In the wake of last week's deadly artillery exchange between North and South Korea, Jeff Yang looks at the big-budget Hollywood-Seoul co-production "The Warrior's Way" -- and considers the unique role Hollywood action films have played in shaping American (and Korean) political identity

Call it irony, or call it kismet. This weekend, after many months of anticipation, South Korean director Sngmoo Lee's genre-busting blockbuster, "The Warrior's Way," is poised to slash its way into cineplexes from San Francisco to Seoul. The timing is eerie: Who could have predicted that its release would come during a tense and bloody showdown between Lee's native country and its estranged brotherland to the north?

But such are the machinations of fate.
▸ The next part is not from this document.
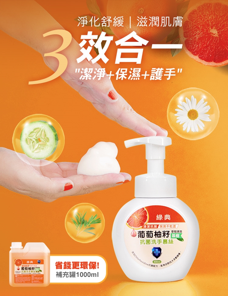 葡萄柚籽茶樹保濕抗菌洗手慕斯泡泡洗手乳300ml x 2瓶(台灣GMP工廠製造)

And while the crisis may cast an anxious shadow over the premiere, it also places a spotlight on a film that offers not just the ample pyrotechnics required of an action extravaganza, but some unexpectedly thought-provoking parallels with the real-world drama unfurling around it.

"Warrior's Way" is a period martial-arts epic featuring Korean superstar Jang Dong-Gun, headliner of two of Korea's biggest-ever hits, "Friend" and "Tae Guk Gi: The Brotherhood of War," as its stoic and deadly hero, Yang, an assassin who has attained the status of the world's greatest master of the blade.

Within its first few minutes, however, Lee signals that he's taking the traditional swordsman tale in a wholly unanticipated direction.

After Yang makes the fateful decision to spare the last surviving member of an enemy clan -- a baby girl -- he's forced to flee his own killer brethren, fending off a series of increasingly nasty attempts to eliminate him and his young charge. Finally, he decides that the only way he'll find respite is if he flees across the waters, leaving the movie's fantastical version of Asia, to arrive at an equally fantastical landscape: The Wild West of the American imagination.

Coming upon a decrepit frontier town long past its boom, Yang seals his sword to its scabbard and adopts a quiet and obscure existence as a laundryman and single father. That is, until Yang's deadly skill with sharp objects is discovered by Lynne (Kate Bosworth, "Superman Returns"), a girl seeking revenge against the murderer of her family: The vicious ex-army officer known only as the Colonel (Danny Huston of "X-Men Origins: Wolverine").

What ensues is an ecstatic hybrid of Eastern and Western genre mythologies, featuring fever-dream fight sequences between swordsmen and ninjas and gunslingers (oh my!). Also, clowns! It's all weirdly eclectic and, for true-blue action fans, wildly entertaining.

But what makes the film more than just an incipient cult classic are the deeper themes that director Lee has embedded within it -- themes that are proving unusually resonant with present-day events.

After all, "Warrior's Way" is a film about a quiet community striving toward prosperity that comes under unprovoked attack by a self-aggrandizing psychopath from a neighboring wasteland. It features a clan whose members are divided against themselves, driven by history and human caprice to treat their own kin as enemy. It explores how violence scars the fates of its victims and practitioners alike, and how vengeance reproduces itself virally, transmitting the thirst for mayhem endlessly across generations.

Most importantly, it puts a lens on the meaning of heroism, from both Eastern and Western perspectives, and in doing so, illuminates some uncomfortable realities about how the iconography of the Hollywood hero has shaped contemporary politics -- in the U.S., and on the Korean peninsula.

In short, there's a relevance and sophistication to "Warrior's Way" that belies its kaleidoscopic action-genre surface. Of course, as far as Sngmoo Lee is concerned, that should be the default, not the exception.